Raw data.
+ + + + + + +

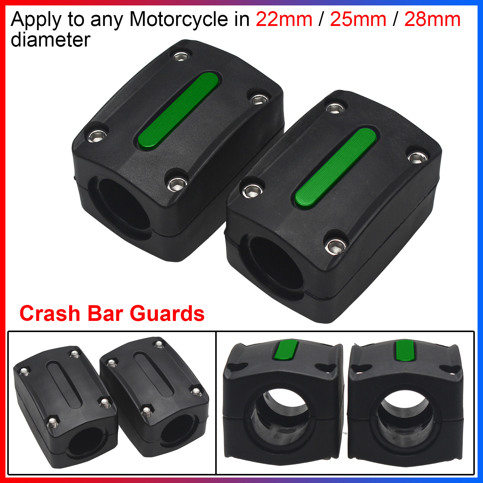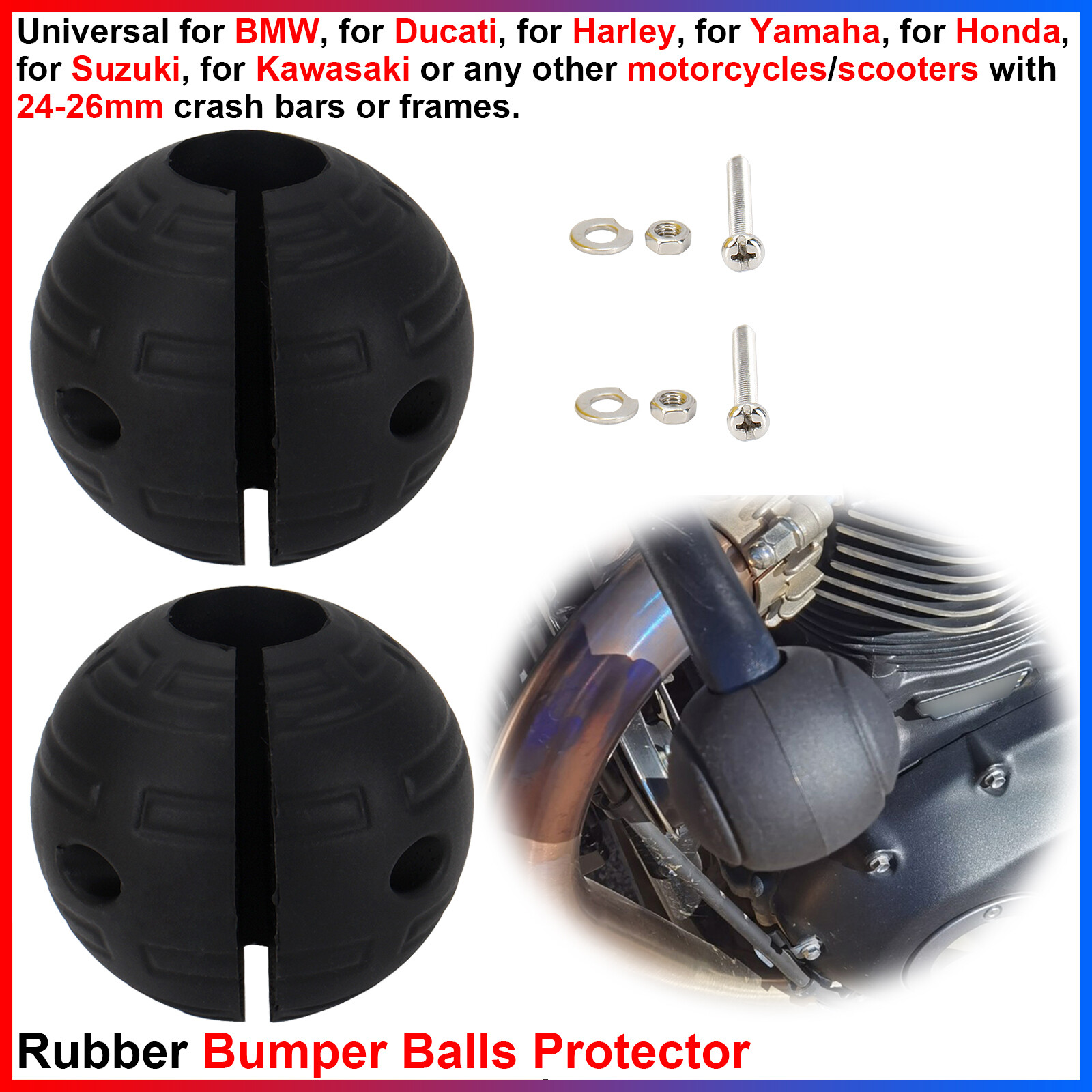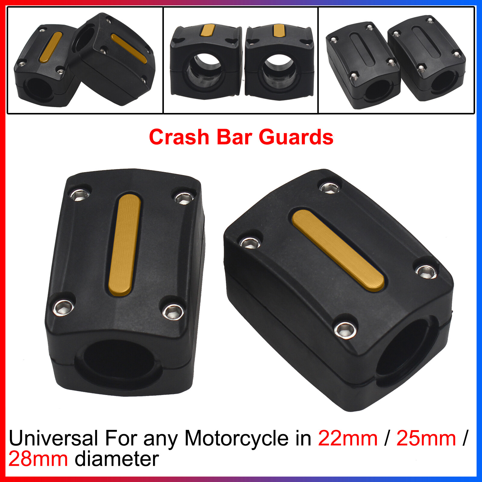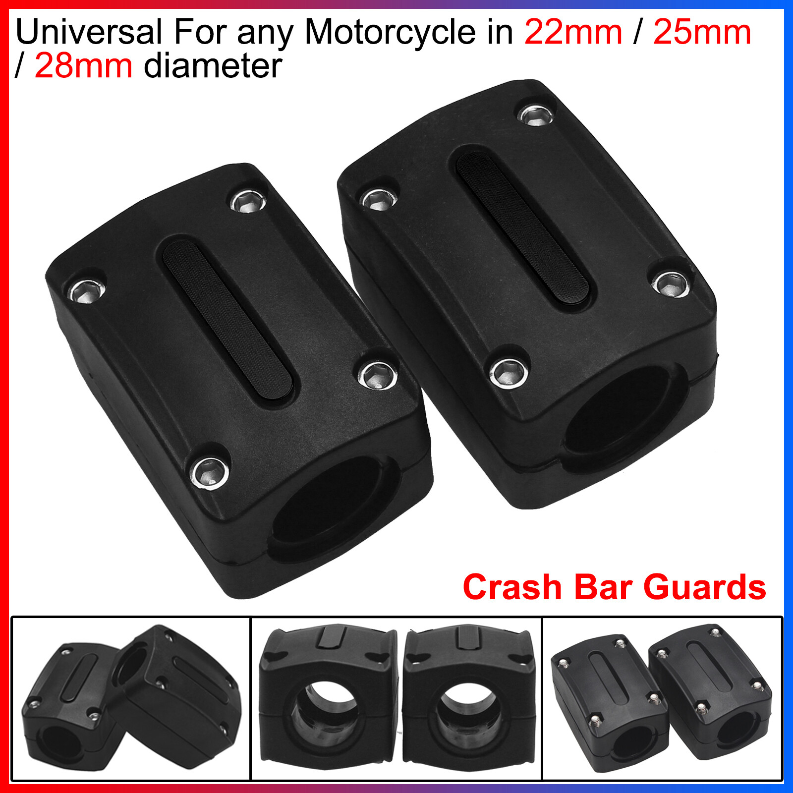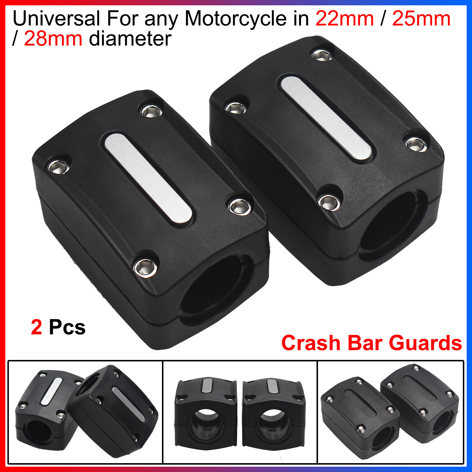 Can be mounted on the engine guards, the side pannier bars or saddle bag bars.
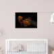 Esta poster apresenta uma vida estática clássica de um velho e elegante pergaminho de violino. Este instrumento gracioso é essencialmente uma caixa de madeira oca com extremidades arredondadas, dois buracos graciosos e um centro estreito. Os quatro conjuntos de cordas estendem-se de um suporte de cordas na parte inferior do corpo sobre uma ponte elevada até a extremidade do pescoço estreito, ou da placa do dedo, onde as quatro cordas são inseridas em uma pegbox e são mantidas com pegs. Os pinos são usados para ajustar o violino. Quando o arco é desenhado através das cordas no corpo do violino, ele produz uma música incrível e mágica! Os tons castanhos, quase laranja, maravilhosos e ouros são disparados por um fundo preto.
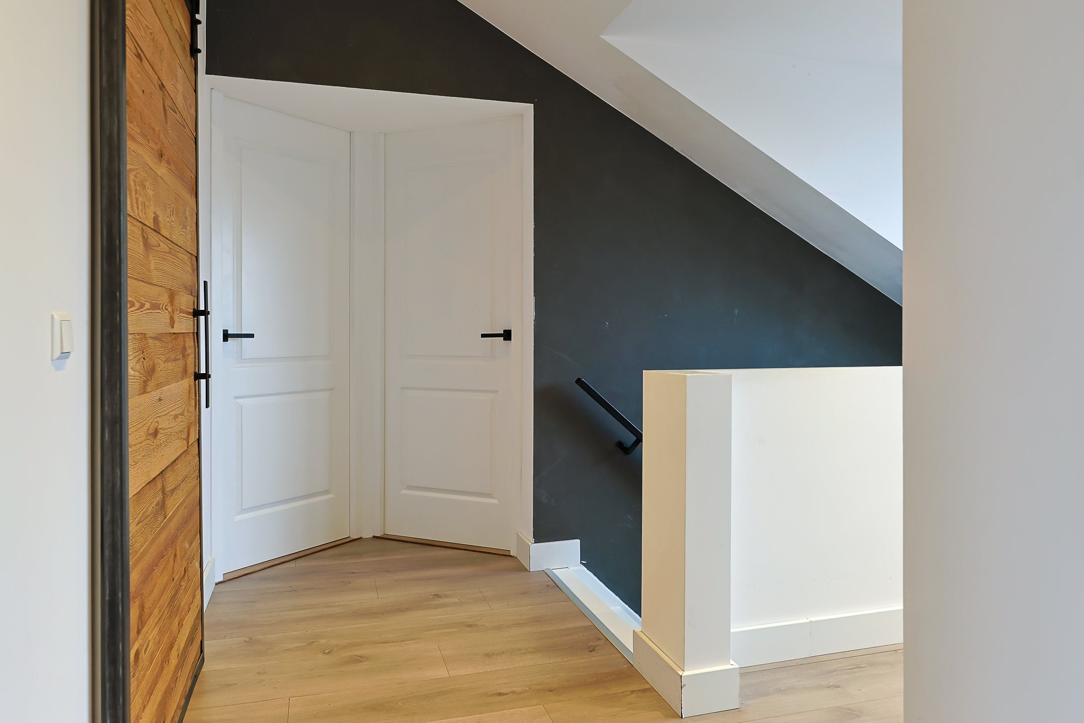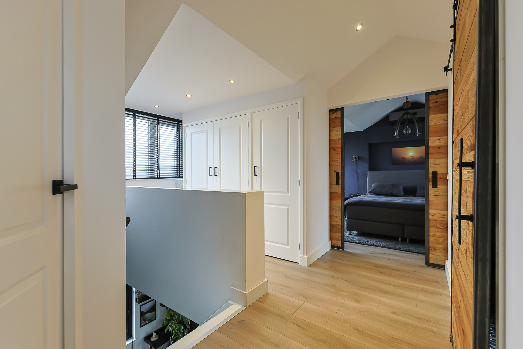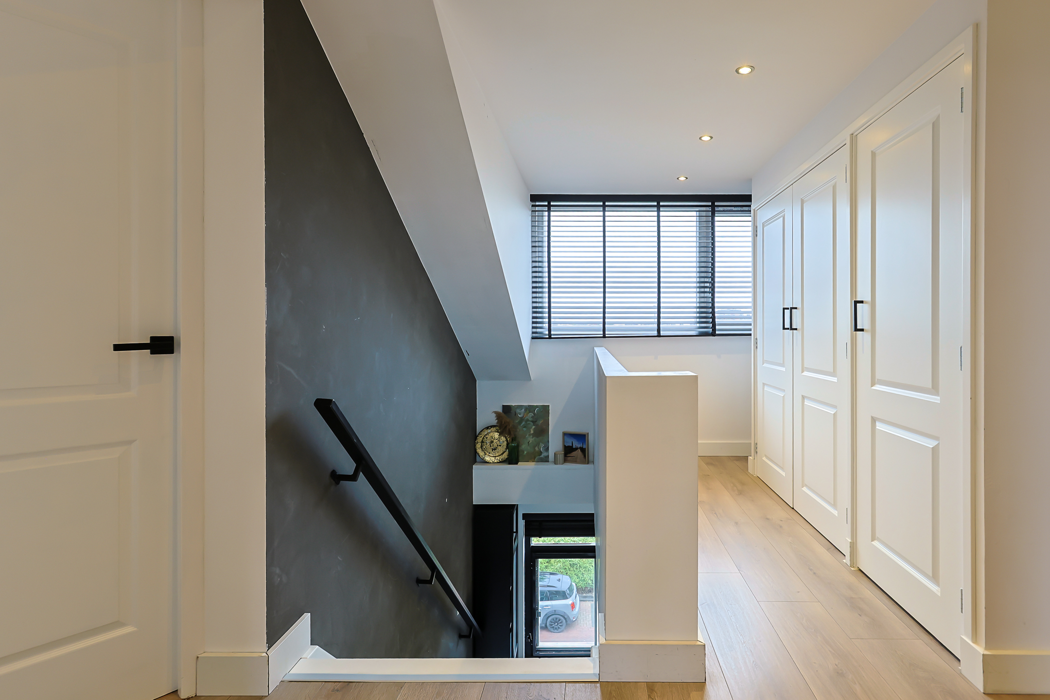 - Via de trap in de woonkamer kom je op de ruime overloop van de tweede woonlaag. Deze verdieping is aan voor- en achterzijde voorzien van woningbrede dakkappellen, waardoor ook de overloop profiteert van veel lichtinval!

+ + + + + + +

Your goal. Please transcribe the listing exactly as it stands, but omit its pictures.

Written response.
 Can be mounted on the engine guards, the side pannier bars or saddle bag bars.
 Esta poster apresenta uma vida estática clássica de um velho e elegante pergaminho de violino. Este instrumento gracioso é essencialmente uma caixa de madeira oca com extremidades arredondadas, dois buracos graciosos e um centro estreito. Os quatro conjuntos de cordas estendem-se de um suporte de cordas na parte inferior do corpo sobre uma ponte elevada até a extremidade do pescoço estreito, ou da placa do dedo, onde as quatro cordas são inseridas em uma pegbox e são mantidas com pegs. Os pinos são usados para ajustar o violino. Quando o arco é desenhado através das cordas no corpo do violino, ele produz uma música incrível e mágica! Os tons castanhos, quase laranja, maravilhosos e ouros são disparados por um fundo preto.
 - Via de trap in de woonkamer kom je op de ruime overloop van de tweede woonlaag. Deze verdieping is aan voor- en achterzijde voorzien van woningbrede dakkappellen, waardoor ook de overloop profiteert van veel lichtinval!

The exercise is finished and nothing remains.